I tore the cluster down and tried to rebuild it, this time bumping the container up to 4.1.1-enterprise.
This is what happens in the neo4j logs:
Changed password for user 'neo4j'.
Directories in use:
home: /var/lib/neo4j
config: /var/lib/neo4j/conf
logs: /var/lib/neo4j/logs/
plugins: /var/lib/neo4j/plugins
import: /var/lib/neo4j/import
data: /var/lib/neo4j/data
certificates: /var/lib/neo4j/certificates
run: /var/lib/neo4j/run
Starting Neo4j.
2020-07-16 21:42:00.784+0000 WARN Unrecognized setting. No declared setting with name: PORT.7687.TCP.PORT
2020-07-16 21:42:00.795+0000 WARN Unrecognized setting. No declared setting with name: PORT.7474.TCP.ADDR
2020-07-16 21:42:00.795+0000 WARN Unrecognized setting. No declared setting with name: PORT.7687.TCP.PROTO
2020-07-16 21:42:00.795+0000 WARN Unrecognized setting. No declared setting with name: SERVICE.PORT.BROWSER
2020-07-16 21:42:00.796+0000 WARN Unrecognized setting. No declared setting with name: PORT.7474.TCP.PROTO
2020-07-16 21:42:00.796+0000 WARN Unrecognized setting. No declared setting with name: PORT
2020-07-16 21:42:00.796+0000 WARN Unrecognized setting. No declared setting with name: PORT.7474.TCP.PORT
2020-07-16 21:42:00.797+0000 WARN Unrecognized setting. No declared setting with name: PORT.7687.TCP.ADDR
2020-07-16 21:42:00.797+0000 WARN Unrecognized setting. No declared setting with name: PORT.7687.TCP
2020-07-16 21:42:00.797+0000 WARN Unrecognized setting. No declared setting with name: PORT.7474.TCP
2020-07-16 21:42:00.798+0000 WARN Unrecognized setting. No declared setting with name: SERVICE.PORT
2020-07-16 21:42:00.798+0000 WARN Unrecognized setting. No declared setting with name: SERVICE.PORT.BOLT
2020-07-16 21:42:00.798+0000 WARN Unrecognized setting. No declared setting with name: SERVICE.HOST
2020-07-16 21:42:00.801+0000 INFO Starting...

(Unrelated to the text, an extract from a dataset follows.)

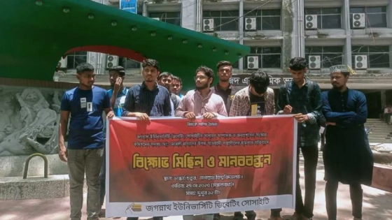 মঙ্গলবার (২৭ মে) দুপুর ১২টায় বিশ্ববিদ্যালয়ের ভাস্কর্য চত্বরে বিশ্ববিদ্যালয় ডিবেটিং সোসাইটির আয়োজনে এ কর্মসূচি পালন করেন তারা। বিক্ষোভ মিছিলটি ভাস্কর্য চত্বর শুরু করে বিশ্ববিদ্যালয় প্রাঙ্গণ প্রদক্ষিণ করে ভাস্কর্য চত্বরে মানববন্ধনের মাধ্যমে শেষ হয়।

2020-07-16 21:42:05.876+0000 INFO ======== Neo4j 4.1.1 ========
2020-07-16 21:42:12.666+0000 ERROR Failed to start Neo4j on dbms.connector.http.listen_address, a socket address. If missing port or hostname it is acquired from dbms.default_listen_address. Error starting Neo4j database server at /data/databases
java.lang.RuntimeException: Error starting Neo4j database server at /data/databases
at org.neo4j.graphdb.facade.DatabaseManagementServiceFactory.startDatabaseServer(DatabaseManagementServiceFactory.java:198)
at org.neo4j.graphdb.facade.DatabaseManagementServiceFactory.build(DatabaseManagementServiceFactory.java:158)
at com.neo4j.server.enterprise.EnterpriseManagementServiceFactory.createManagementService(EnterpriseManagementServiceFactory.java:38)
at com.neo4j.server.enterprise.EnterpriseBootstrapper.createNeo(EnterpriseBootstrapper.java:20)
at org.neo4j.server.NeoBootstrapper.start(NeoBootstrapper.java:117)
at org.neo4j.server.NeoBootstrapper.start(NeoBootstrapper.java:87)
at com.neo4j.server.enterprise.EnterpriseEntryPoint.main(EnterpriseEntryPoint.java:25)
Caused by: org.neo4j.kernel.lifecycle.LifecycleException: Component 'com.neo4j.dbms.StandaloneDbmsReconcilerModule@7f977fba' was successfully initialized, but failed to start. Please see the attached cause exception "Transaction logs are missing and recovery is not possible.".
at org.neo4j.kernel.lifecycle.LifeSupport$LifecycleInstance.start(LifeSupport.java:463)
at org.neo4j.kernel.lifecycle.LifeSupport.start(LifeSupport.java:110)
at org.neo4j.graphdb.facade.DatabaseManagementServiceFactory.startDatabaseServer(DatabaseManagementServiceFactory.java:189)
... 6 more
Caused by: org.neo4j.dbms.api.DatabaseManagementException: A triggered DbmsReconciler job failed with the following cause
at com.neo4j.dbms.ReconcilerResult.join(ReconcilerResult.java:57)
at com.neo4j.dbms.StandaloneDbmsReconcilerModule.startInitialDatabases(StandaloneDbmsReconcilerModule.java:95)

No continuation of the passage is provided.